When labels are given the forward computes the loss internally (fused), and returns a dict {"loss", "logits", "aux_loss"} (here logits is None because the loss is fused to save memory):

labels = torch.randint(0, 32000, (1, 1024))
out  = model(input_ids, labels=labels)
loss = out["loss"]
loss.backward()

Building from a config

from dsalt.model import DSALTConfig, DSALTLMHeadModel

cfg = DSALTConfig(
    vocab_size=50257, d_model=512, n_layers=6, n_heads=8,
    n_min=64, n_max=256, k_lmk=16, max_seq_len=1024,
)
model = DSALTLMHeadModel.from_config(cfg)
cfg.save("config.json")               # reload with DSALTConfig.load("config.json")

🏗️ Architecture Overview

Each query's attention set is the union of two sparse sets:

┌─ Local window W(i) (adaptive) ─┬─ Global landmarks L(i) ─┐
│  Recent causal tokens up to    │  Top-k informative      │
│  a per-token learned size      │  tokens per head        │
└────────────────────────────────┴─────────────────────────┘
                 ↓                            ↓
              Sparse attention output  over  A(i) = W(i) ∪ L(i)
  • Adaptive window (§4.2). A small learned projection win_gate predicts a per-token continuous window w̃(i) = n_min + σ(f(x_i))·(n_max − n_min) from the block input. The window core is a hard mask (so the cost stays sub-quadratic), but a thin differentiable band at the boundary lets gradients train win_gate.
  • Landmark tokens (§4.3). A per-head hybrid-energy score s = α·z(‖x·W_V‖₂) + (1−α)·z(‖x‖₂) ranks tokens; the top-k are admitted as landmarks. The selection is hard (detached), while a soft re-weight on the admitted tokens' logits trains the per-head balance α = σ(α̃).
  • Blocks. Pre-norm DSALTTransformerBlock = RMSNorm → DSALTAttention (with RoPE/YaRN positions) → residual, then RMSNorm → SwiGLUFFN → residual.
  • Model. DSALTLMHeadModel = token embeddings → block stack → RMSNorm → (optionally tied) LM head, with a fused/chunked cross-entropy loss.
  • Kernels. On CUDA, fused Triton forward/backward with online softmax and one-shot autotuned block sizes; a masked-SDPA path mirrors the exact same math on CPU / no-Triton environments and serves as the correctness reference.

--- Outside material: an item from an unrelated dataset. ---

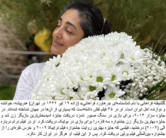 Golshifteh Farahani (born 10 July 1983) is an actress and singer. She has appeared in 35 films, many of which have received international recognition.

For the engineering rationale (differentiable approximations, DDP + torch.compile graph integrity, the key-parallel backward, and profiling evidence) see DESIGN_NOTES.md.


🎯 Training

DSALTTrainer drives single- and multi-GPU (DDP) training. It expects packed batches (input_ids, labels, cu_seqlens, max_seqlen), where cu_seqlens is an int32 offset tensor of shape [num_seqs + 1] and -100 labels are ignored.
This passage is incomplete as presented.